MiTTs were also manned, trained and equipped for security force assistance. The problem IMO isn't who is doing the training, it's who is being trained.
I think that the Army is preparing for a problem that it wants to have, rather than the problem it does have. The problems we face in Iraq and Afghanistan and Syria aren't military problems, they are political/ideological/institutional ones. If we want to make a difference there we need to start standing up brigades of economists, lawyers and LEOs, under the aegis of the State Department, not taking away our very limited Army combat brigades to support a TTP that we've seen time and time again simply does not work.
We already have too much on our plate as it is. What's coming off to support the 16 weeks of language training and the 6 weeks of SFAB training and all of the other stuff that they haven't thought of yet but are going to need to train on to make this work? How are they going to do language sustainment? What languages are they even going to train on? And what happens to all of that great training and SFAB experience when people PCS back into the Big Army? Or are we standing up a new SFAB MOS where people stay for their whole careers? And if we're going to do that, maybe we stand up a whole new branch, joint/combined/interagency. Because that's what it's going to take to make this work.

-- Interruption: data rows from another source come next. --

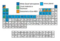 The most common observable evidence of a remnant planetary system is pollution of the spectrum of a white dwarf with metal absorption lines. 27–50% of white dwarfs show a spectrum polluted with metals,[154] but these heavy elements settle out in the atmosphere of white dwarfs colder than 20000 K. The most widely accepted hypothesis is that this pollution comes from tidally disrupted rocky bodies.[155][156] The first observation of a metal-polluted white dwarf was by van Maanen[17] in 1917 at the Mount Wilson Observatory and is now recognized as the first evidence of exoplanets in astronomy.[157] The white dwarf van Maanen 2 shows iron, calcium and magnesium in its atmosphere,[158] but van Maanen misclassified it as the faintest F-type star based on the calcium H- and K-lines.[159] The nitrogen in white dwarfs is thought to come from nitrogen-ice of extrasolar Kuiper Belt objects, the lithium is thought to come from accreted crust material and the beryllium is thought to come from exomoons.[157]
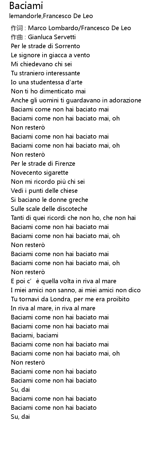 | [02:36.452] | Baciami come non hai baciato mai, oh |
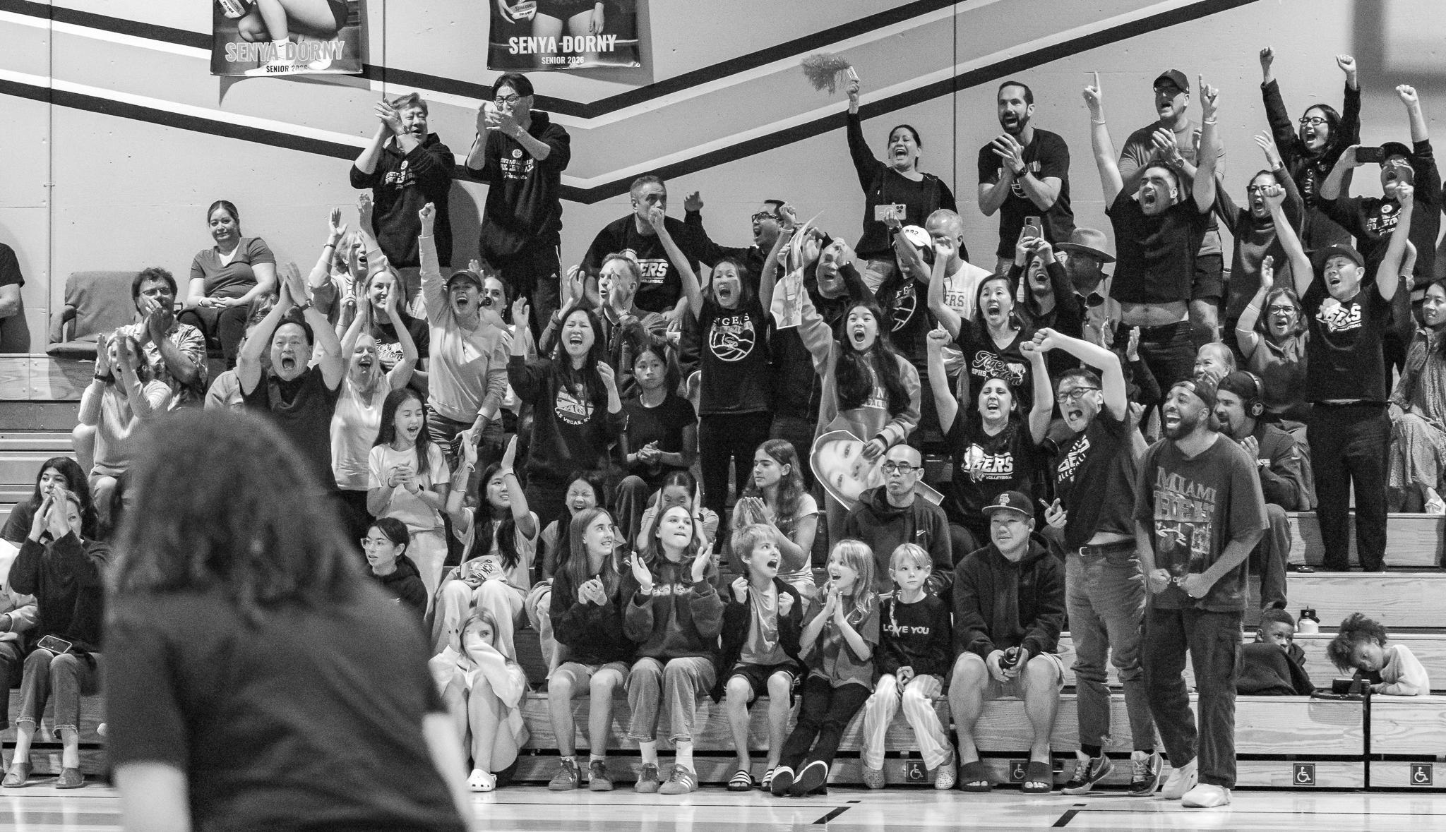 SPHS Parents cheer after Varsity Girls Volleyball scores a point.
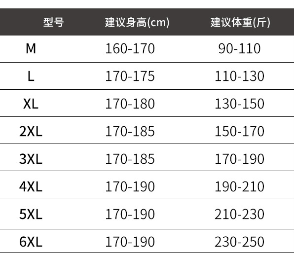 | 尺码 | M(建议90-110斤), L(建议110-130斤), XL(建议130-150斤), 2XL(建议150-170斤), 3XL(建议170-190斤), 4XL(建议190-210斤), 5XL(建议210-230斤), 6XL(建议230-250斤) | 是否跨境出口专供货源 | 否 |

And what's going to happen to these fancy SFABs when some manpower-draining contingency like Iraq crops up in the future (looking at you, North Korea)? We don't have a draft, most of America is too fat, too dumb, or too criminal to join, and no matter how we fight in the future, we're going to need thousands of people on the ground. It would be better to designate one brigade per division as the DRB-S, the Division Ready Brigade-SFAB like you have the DRB for contingencies. That way they can stay sharp on basic soldier skills and prep for the SFAB mission just like they would any other contingency.
Bottom line, our general purpose forces are GPF for a reason. The kind of half-assed over-specialization envisioned for SFABs is not likely to increase lethality, survivability, or mission accomplishment. In fact, it will probably have the opposite effect.
This is a bad idea, already poorly executed.